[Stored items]
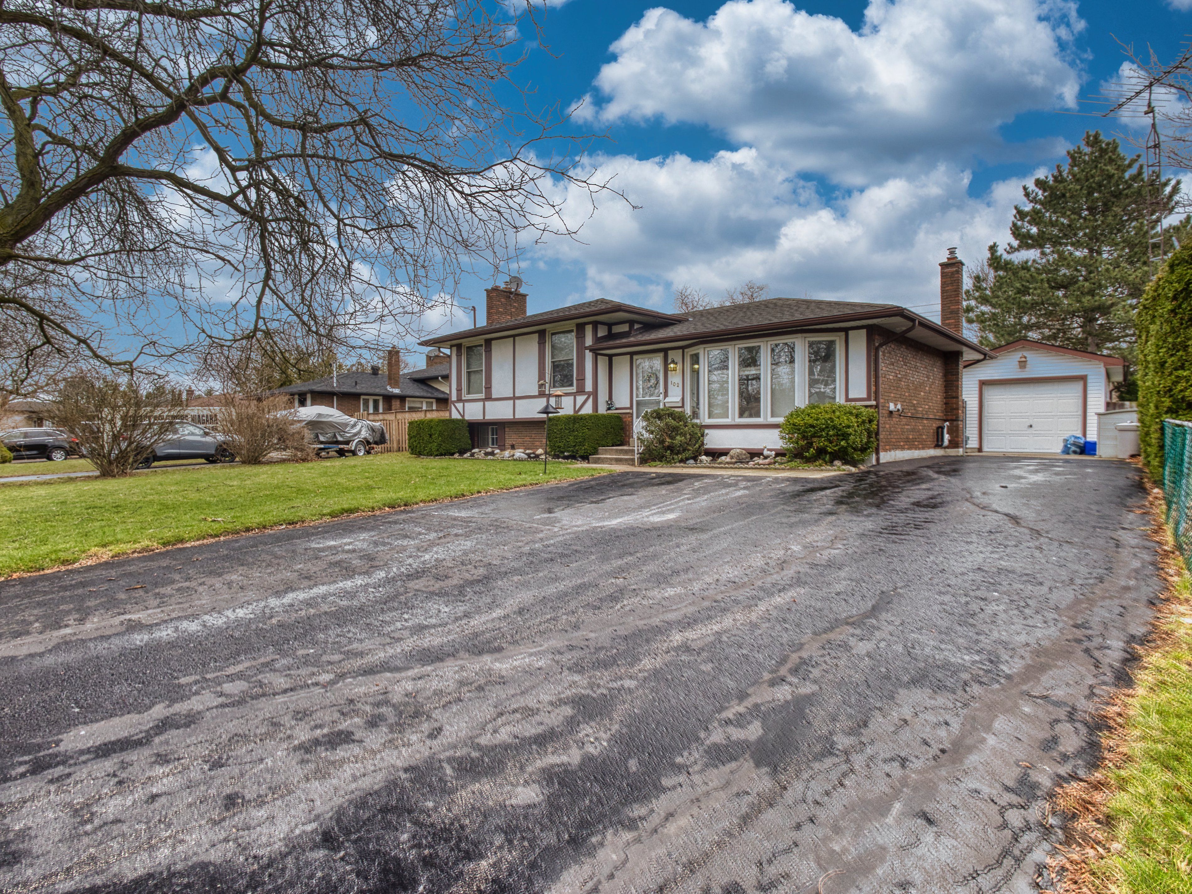 When you pull in the driveway of this tudor-style 4-level side-split, you know you have arrived! Great curb appeal on a large lot with no direct rear neighbors. Large fenced yard great for pets and games or just relax on your patio with views of the ships sailing through the welland canal. Inside offers 4 levels of finished living space. The front door welcomes you into the main level living room/dining room and kitchen. Upper level has 2 bedrooms and a 4pc bathroom (upper level was originally 3 bedrooms and is easily converted). Lower level offers an office/den + rec room with gas fireplace. The basement is finished with another office/den, 3pc washroom, laundry and utility area. 120 amp electrical panel. There is a separate entrance at the back of home, for convenience, or use it for a potential in law setup. To top it all off, the insulated and heated detached garage built in 2008 makes for a great mancave (or sheshed) or just use it for extra parking. Must see!
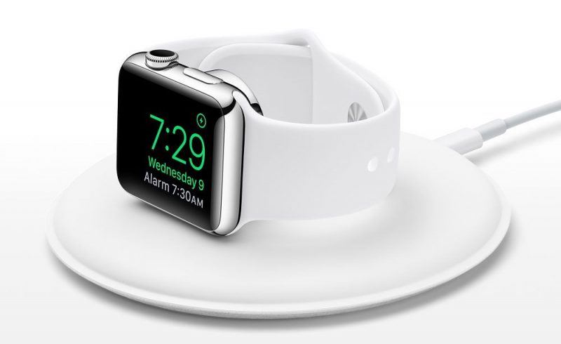 A nova Magnetic Charging Dock permite carregar o Apple Watch através de magnetismo, ou seja dispensa quaisquer ligações. Para alimentar a bateria basta colocar o relógio na doca, quer deitado com o visor para cima e com a pulseira aberta, ou de lado. Quando colocado na posição “de lado” o Apple Watch entra automaticamente em modo Nightstand e transforma-se numa espécie de alarme/despertador, com botões que possibilitam parar ou adiar o alarme.
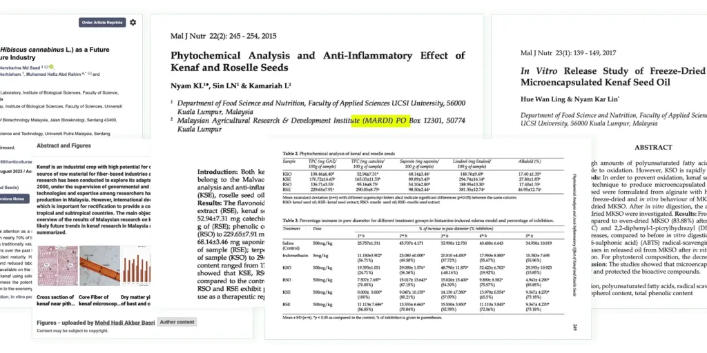 Banyak Kajian Dalam Negara Juga Sahkan Ekstrak Kenaf Mujarab Hilangkan Sakit Radang Akibat Obesiti dan Kolesterol.
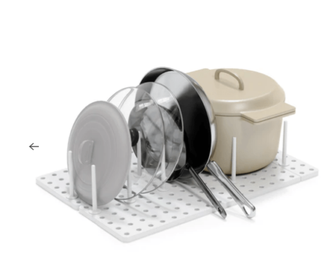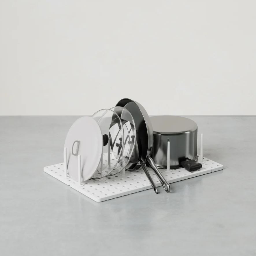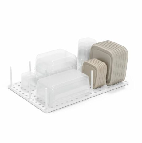 Peggy er en unik og justerbar organizer, designet med en smart bakke og flytbare pinde, som kan placeres, hvor du har brug for dem. Dette betyder, at du kan tilpasse organiseringen helt efter dine behov og skabe den ideelle opbevaringsplads til alt fra plastbeholdere og låg, til gryder, pander, skåle og køkkenredskaber.
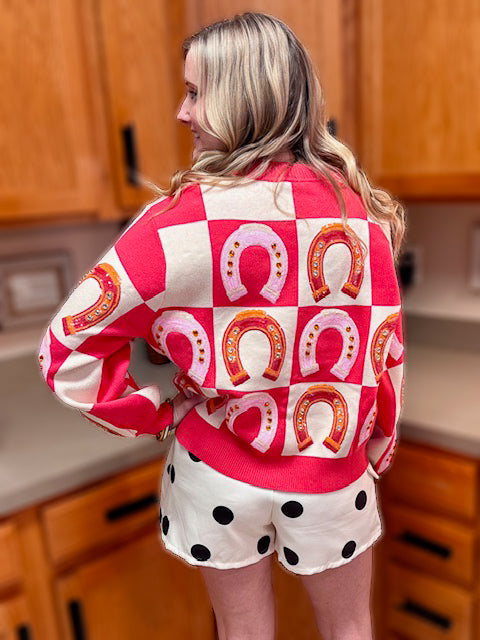 Queen of Sparkles Hot Pink Checkered Horse Shoe Sweater
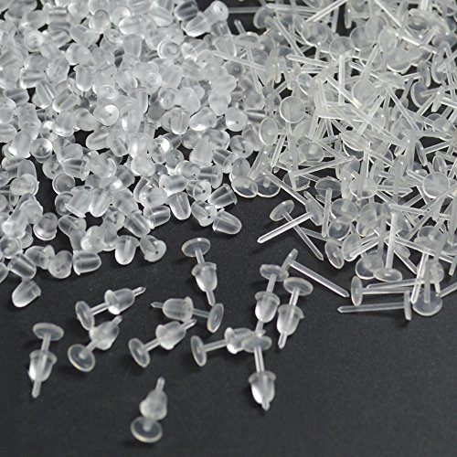 BoNaYuanDa Pack of 1000 Plastic Flat Pad 5mm Earring Studs and Rubber Earring Safety Backs
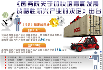 10月18日,《國務(wù)院關(guān)于加快培育和發(fā)展戰(zhàn)略性新興產(chǎn)業(yè)的決定》指出,根據(jù)戰(zhàn)略性新興產(chǎn)業(yè)的特征,立足我國國情和科技、產(chǎn)業(yè)基礎(chǔ),現(xiàn)階段將重點(diǎn)培育和發(fā)展節(jié)能環(huán)保、新一代信息技術(shù)、生物、高端裝備制造、新能源、新材料、新能源汽車等產(chǎn)業(yè)。到2015年,七大戰(zhàn)略性新興產(chǎn)業(yè)的增加值占中國GDP的比重將提高到8%,到2020年將升至15%。
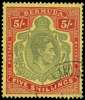 1941 (Nov.) 5/- bronze-green and carmine-red on pale yellow paper, fine used with part 1943 Ireland Island CDS. SG 118c, £150
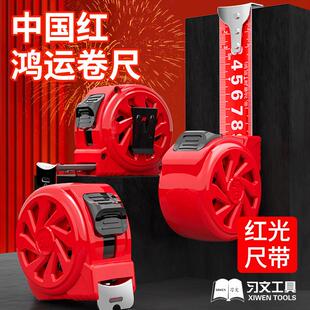 恭喜发财鸿运当头习文高精度钢卷尺5米7.5米10米加厚加硬米尺盒尺
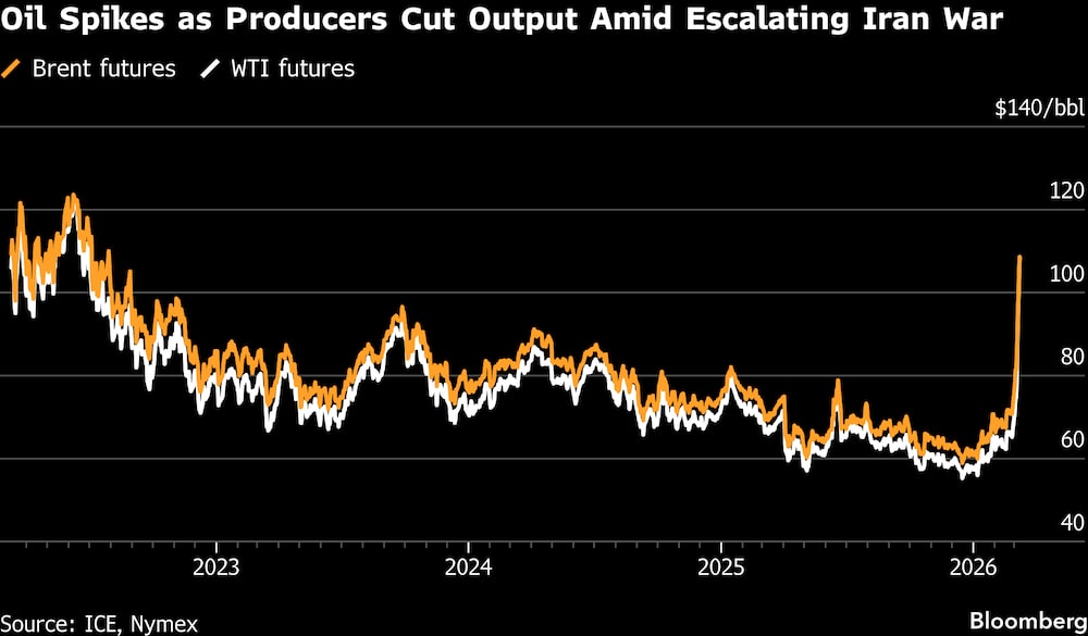 Bloomberg — El petróleo subió por encima de los US$100 el barril por primera vez desde 2022 y las acciones retrocedieron ante la escalada de las hostilidades en Medio Oriente y la creciente presión sobre el transporte marítimo y las infraestructuras petrolíferas, que han hecho que los inversores se preparen para nuevas turbulencias. El dólar avanzó.

Exercise directions: For this exercise, reproduce exactly the lines of the records above from the one with "Queen of Sparkles" up to and including the one with "BoNaYuanDa Pack of", without pictures.

Result of the task:
 Queen of Sparkles Hot Pink Checkered Horse Shoe Sweater
 BoNaYuanDa Pack of 1000 Plastic Flat Pad 5mm Earring Studs and Rubber Earring Safety Backs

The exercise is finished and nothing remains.